New link since wordpress was acting up on me:

Full "Noise Cancelling Canary"-can guide @ :http://manuelandre.wordpress.com/be...nary-listening-to-music-all-at-the-same-time/


----------



## Bjski (Jun 23, 2012)

Bryston BHA-1. It powers my Sennhieser 800,650 and HiFiman 500. I have an iqube for my Shure 535 along with a Fiio. I use a Nuforce when listening to my computer.


----------



## Bjski (Jun 23, 2012)

Auditioning the Burson Conductor SL with the 9018/1793 Dac along with the Audeze LCD-3.


----------



## jeffreyfranz (Jul 27, 2012)

For my Sennheiser HD-800, I use an Icon Audio HP-8 Mk.

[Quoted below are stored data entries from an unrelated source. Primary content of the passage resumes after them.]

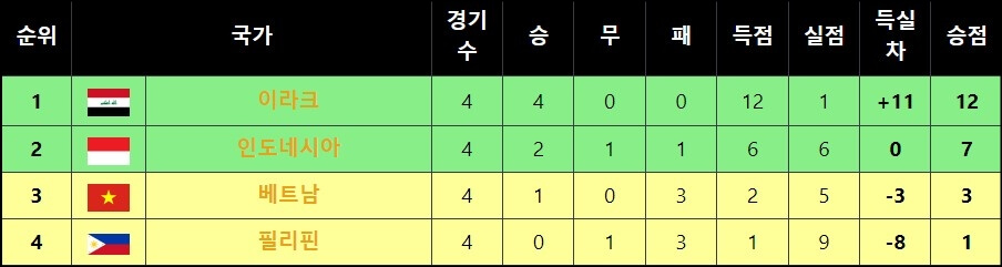 이라크, 인도네시아, 베트남, 필리핀이 속해있는 F조에서는 승점 12점을 달리고 있는 이라크가 1위에 올라있는데요~ 이라크는 필리핀과의 4차전 경기에서 0대 5라는 대승을 거두면서 3차 예선 진출을 확정했어요. 그리고 이와 동시에 아시안컵 본선 진출도 자동으로 확정이 됐죠~
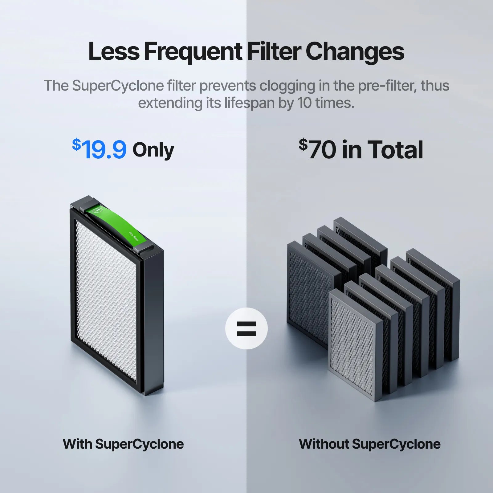 It is easy to clean and reuse. Simply wash it to keep the cyclone working like new, saving you the cost of replacing pre-filters.
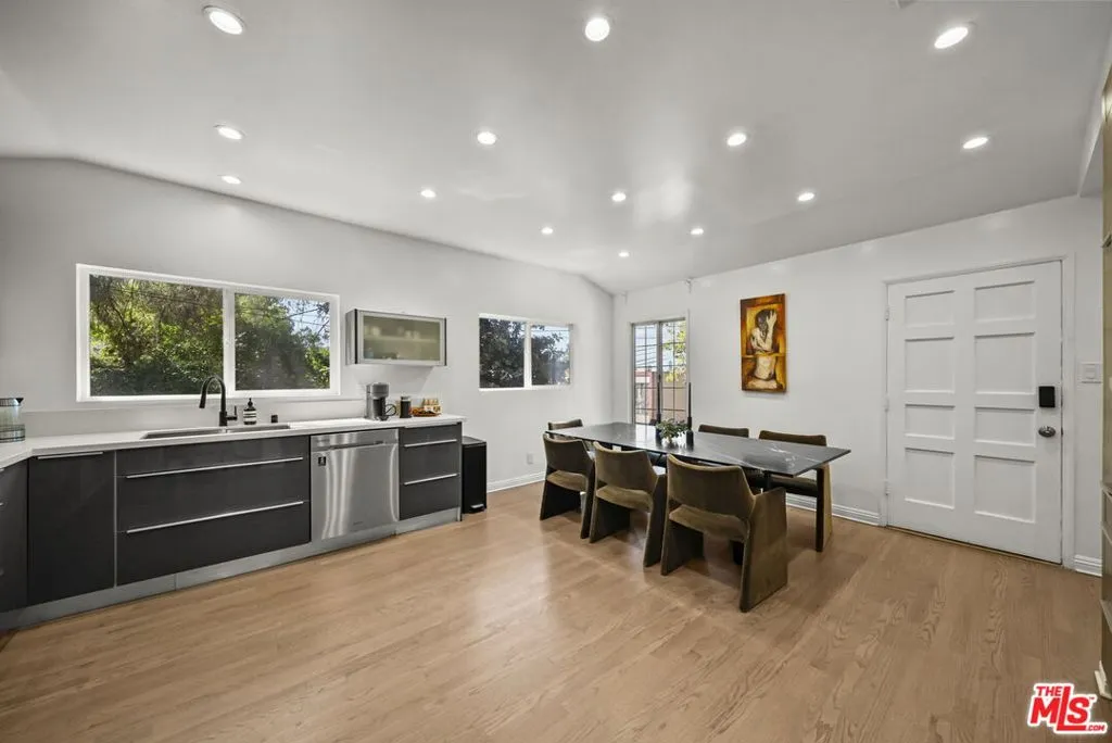 Nestled in the heart of the historic Hollywood Dell, this gem offers a rare blend of modern sophistication and tranquil canyon living. This meticulously remodeled contemporary residence features an open concept floor plan defined by soaring ceilings and rich hardwood floors. Floor to ceiling glass sliders in the main living area frame breathtaking, unobstructed views of the Los Angeles city lights and rolling hills. The gourmet kitchen serves as the centerpiece of the home, boasting sleek Caesarstone countertops, designer cabinetry, and premium stainless steel appliances.The main residence includes three spacious bedrooms and two and a half bathrooms, all updated with high end finishes and modern systems. Adding incredible value to this property is a fully permitted, 500 square foot detached Accessory Dwelling Unit. Complete with its own bedroom, bathroom, and private viewing deck, this versatile space is perfect for a creative studio, guest house, or high yield rental opportunity. Experience the ultimate California lifestyle with multiple outdoor entertaining decks and the convenience of an attached garage. Located just minutes from the Hollywood Bowl and Griffith Park hiking trails, this home provides a secluded sanctuary without sacrificing proximity to the best dining and entertainment in the city. With newer HVAC, updated plumbing, and turn key interiors, this Hollywood Hills gem is ready for its next chapter.
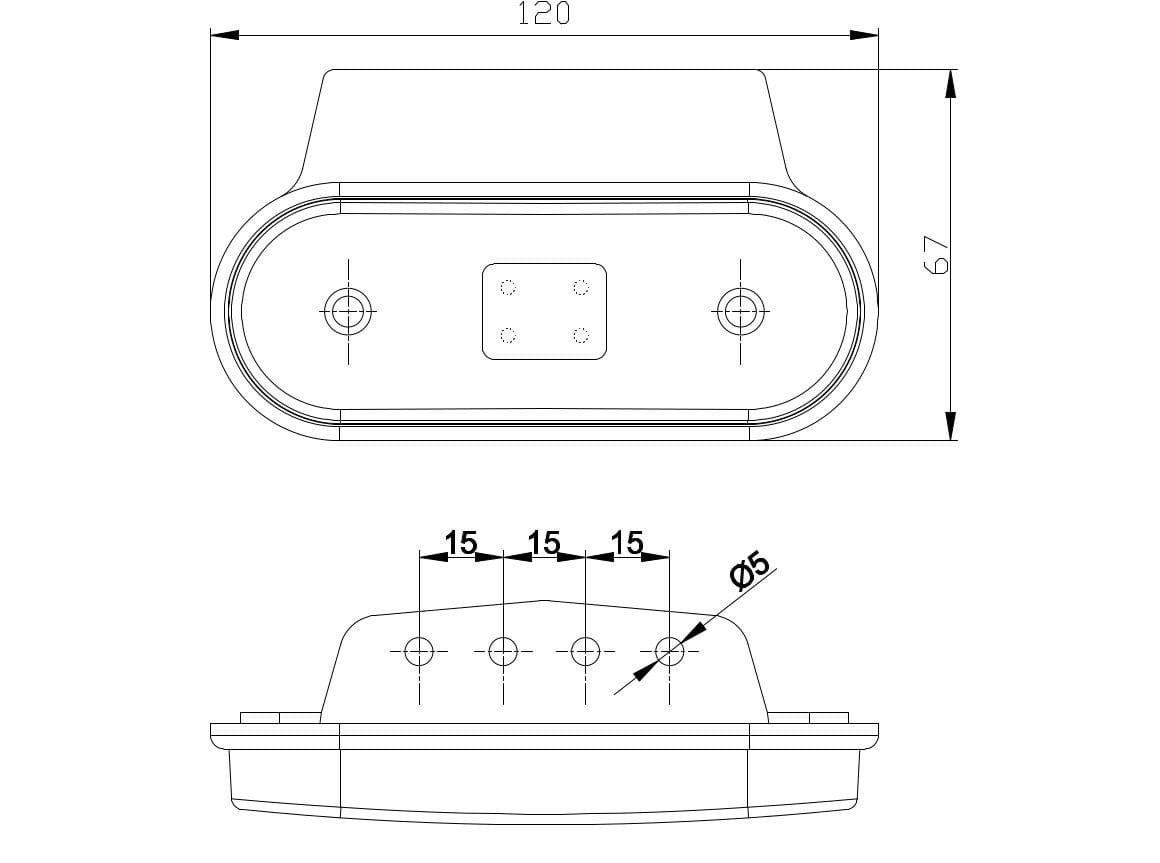 - - światło obrysowe czerwone: 12V/24V = 0,03A/0,03A
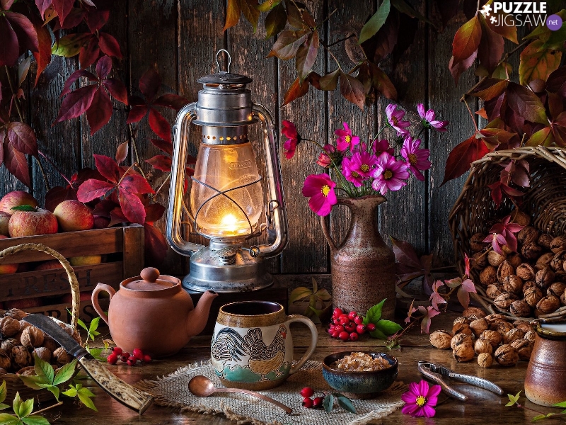 Lamp, Leaf, apples, Flowers, basket, autumn, composition, nuts
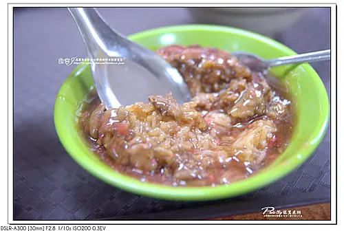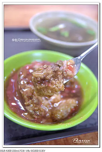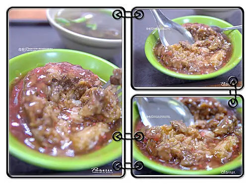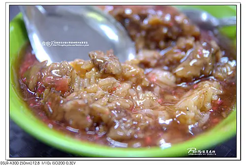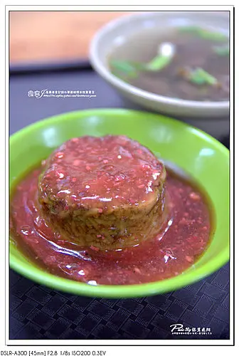 店家招牌米糕淋上紅色店家甜辣醬,醬汁偏南方口味偏甜,米糕也有吃起來的香味,店家採用五花肉與糯米一起蒸,香Q美味尤其淋上填降!真的很棒唷!
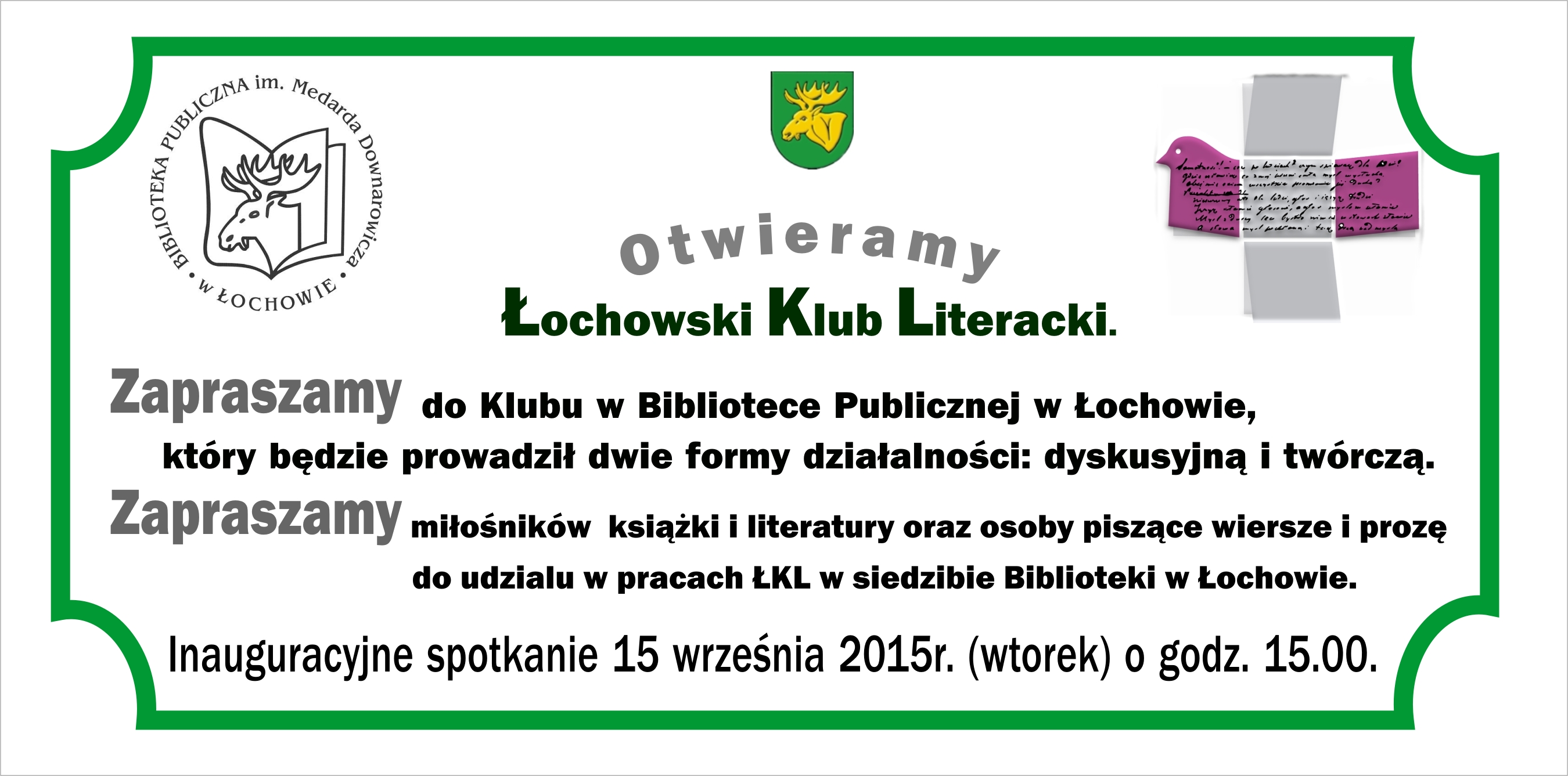 Zapraszamy do nowego Łochowskiego Klubu Literackiego.

II, a tube amp for dynamic HP. For my Stax SR-507, I use the SRM-006ts tube electrostatic-only amp. :wave:


----------



## Audiofool (Dec 20, 2012)

Currently on my desktop I have a O2 ODAC combo. For laptop listening I use a Fiio E7. Thinking about upgrading that to a Meridian Explorer.


----------



## Paxonator (Feb 21, 2014)

I had a Pimeta built for myself a long time ago when I was a teenager. These days I would build my own though. I then bought a used mapletree Ear+ HD tube amp to go with the RS-1's.


----------



## wd3 (Feb 23, 2014)

I have two. For desktop usage, I have a Yulong D100 MKII. That runs my Audio Technica AD700 and AD900X headphones. Although, my desktop setup is probably far from usual. I run Ubuntu 12.04 instead of a Mac or Windows. I also don't use the built-in PulseAudio that comes with Linux because of latency issues. So, I use a program called Deadbeef to stream my FLAC files off my in house data network directly into the ALSA interfaces. If you use this setup, the key is to also use the alsamixer and set the playback gain to 0.0dB. This setting allows the bit for bit exact data to be sent to your high quality DAC versus the computer changing the data. I have found this setup superior in audio fidelity versus my one remaining Windows system even with ASIO. Modern OSs seem to add a lot of overhead and resampling for maximum compatibility, but most OS drivers do a poor job of resampling because of CPU usage issues (designed for the least common denominator). For higher end audio, I use a Violectric V100. Very neutral amp with absolute no coloration of the music, and it can drive headphones requiring more power such as my HiFiMan HE-500 (Planar Magnetic type).


----------